◆ **Problem requirements**
With the pictures left out, retype exactly the lines below starting at the line that contains "拆开包装:配件主要有充电器,以及可伸缩腿" and ending at the line that contains "第45+5分钟,哈托禁区左路凌空爆射破门,切尔西1-0查尔顿".

*** Records for this exercise ***

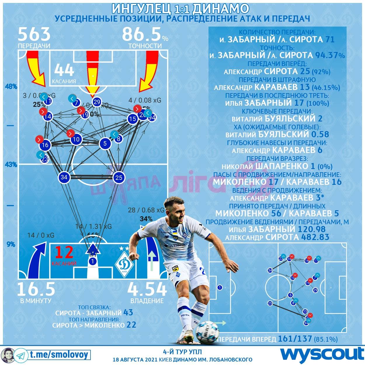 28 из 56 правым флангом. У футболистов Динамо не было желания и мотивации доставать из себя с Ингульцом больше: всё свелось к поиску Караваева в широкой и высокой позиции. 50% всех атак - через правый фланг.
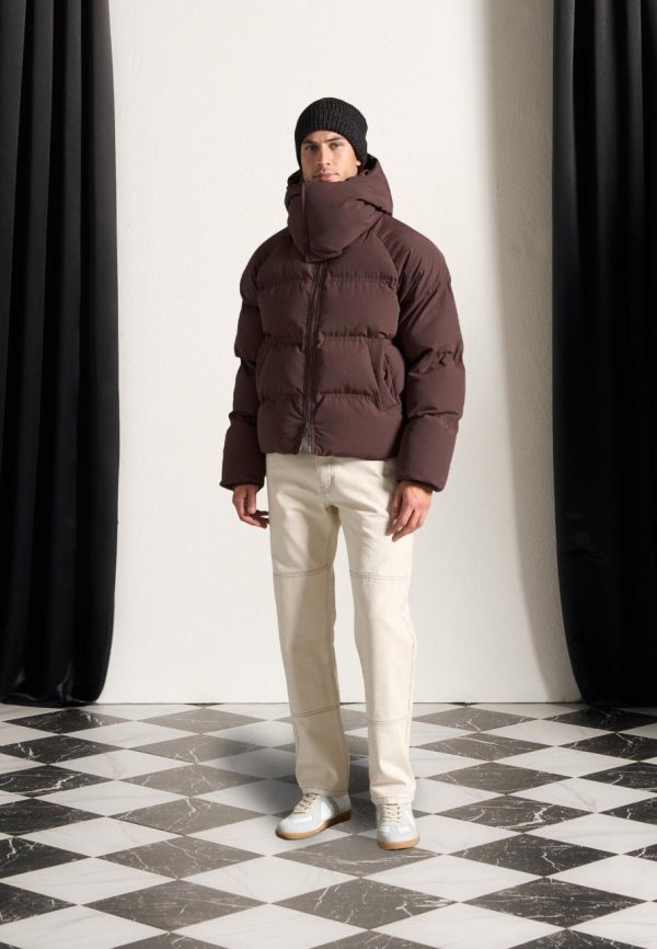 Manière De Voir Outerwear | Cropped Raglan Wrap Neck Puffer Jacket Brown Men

*** End of Records for this exercise ***
*** Records for this exercise ***

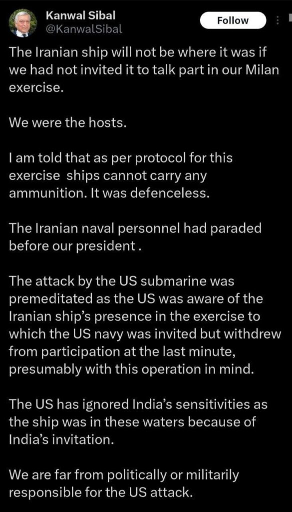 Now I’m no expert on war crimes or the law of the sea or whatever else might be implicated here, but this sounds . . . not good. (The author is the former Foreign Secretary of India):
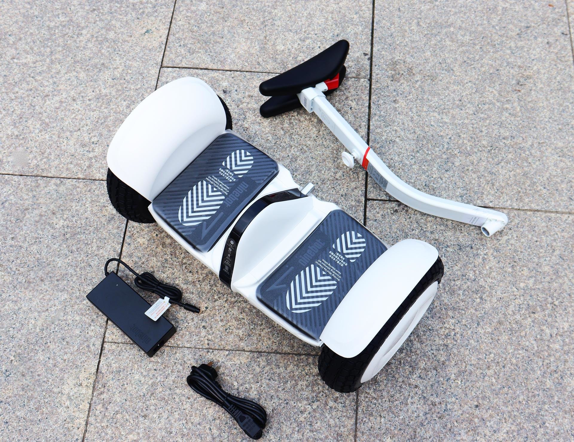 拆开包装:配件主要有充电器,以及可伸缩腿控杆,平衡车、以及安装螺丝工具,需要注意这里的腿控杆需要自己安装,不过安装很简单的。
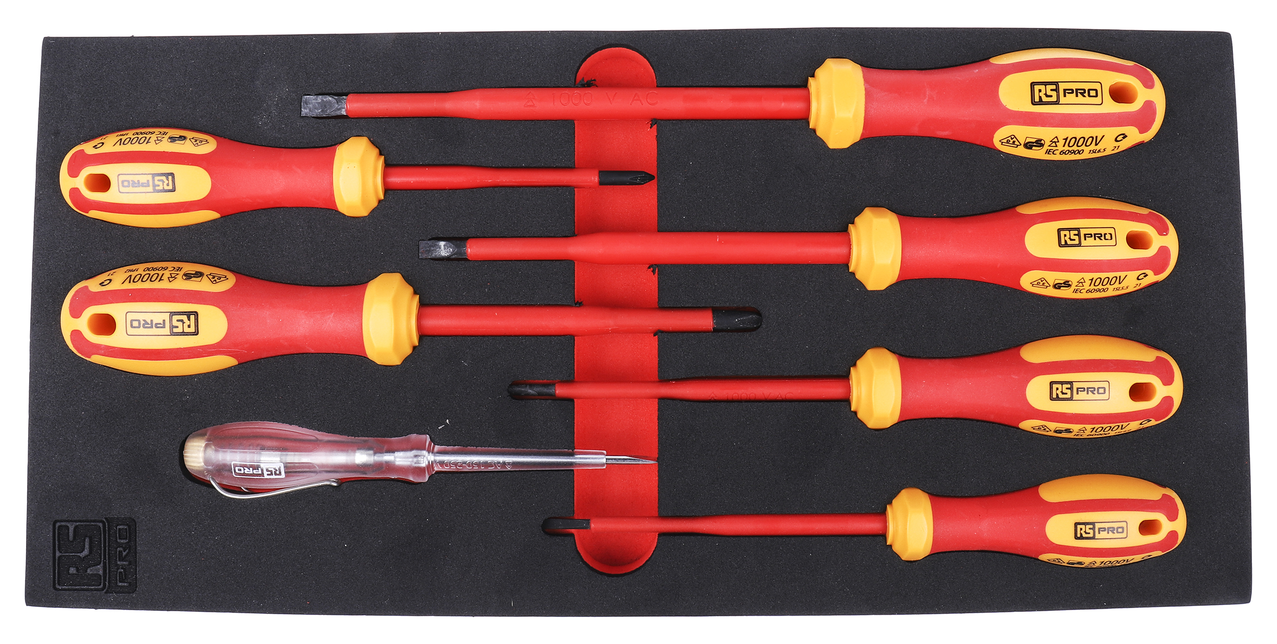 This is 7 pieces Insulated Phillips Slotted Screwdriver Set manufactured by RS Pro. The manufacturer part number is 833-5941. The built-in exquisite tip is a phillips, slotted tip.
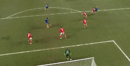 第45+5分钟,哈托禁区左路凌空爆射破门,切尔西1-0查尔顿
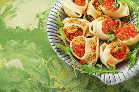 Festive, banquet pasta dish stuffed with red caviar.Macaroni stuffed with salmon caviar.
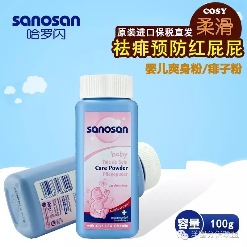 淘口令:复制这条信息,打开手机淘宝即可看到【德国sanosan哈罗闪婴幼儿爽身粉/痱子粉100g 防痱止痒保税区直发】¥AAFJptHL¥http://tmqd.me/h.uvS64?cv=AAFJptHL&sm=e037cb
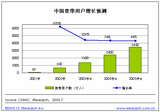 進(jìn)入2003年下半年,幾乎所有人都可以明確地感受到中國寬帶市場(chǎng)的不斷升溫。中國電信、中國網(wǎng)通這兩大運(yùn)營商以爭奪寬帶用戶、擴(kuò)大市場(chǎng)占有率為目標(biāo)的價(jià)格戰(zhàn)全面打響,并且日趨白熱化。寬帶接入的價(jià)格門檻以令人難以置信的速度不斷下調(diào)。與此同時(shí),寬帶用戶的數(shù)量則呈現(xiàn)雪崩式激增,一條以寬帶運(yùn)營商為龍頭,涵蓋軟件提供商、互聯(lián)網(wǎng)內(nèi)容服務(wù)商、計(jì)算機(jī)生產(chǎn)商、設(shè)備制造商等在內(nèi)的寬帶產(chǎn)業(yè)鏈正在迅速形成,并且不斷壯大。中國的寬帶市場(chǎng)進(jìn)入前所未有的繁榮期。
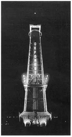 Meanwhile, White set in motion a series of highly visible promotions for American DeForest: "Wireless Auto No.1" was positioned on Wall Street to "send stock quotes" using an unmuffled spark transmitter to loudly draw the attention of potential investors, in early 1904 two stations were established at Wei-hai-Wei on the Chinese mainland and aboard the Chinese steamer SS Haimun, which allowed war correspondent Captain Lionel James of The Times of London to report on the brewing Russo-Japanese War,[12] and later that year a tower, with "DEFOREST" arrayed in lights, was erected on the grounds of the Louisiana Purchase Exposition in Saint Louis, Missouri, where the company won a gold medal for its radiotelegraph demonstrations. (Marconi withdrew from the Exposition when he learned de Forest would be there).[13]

*** End of Records for this exercise ***

◆ **Task solution**
 拆开包装:配件主要有充电器,以及可伸缩腿控杆,平衡车、以及安装螺丝工具,需要注意这里的腿控杆需要自己安装,不过安装很简单的。
 This is 7 pieces Insulated Phillips Slotted Screwdriver Set manufactured by RS Pro. The manufacturer part number is 833-5941. The built-in exquisite tip is a phillips, slotted tip.
 第45+5分钟,哈托禁区左路凌空爆射破门,切尔西1-0查尔顿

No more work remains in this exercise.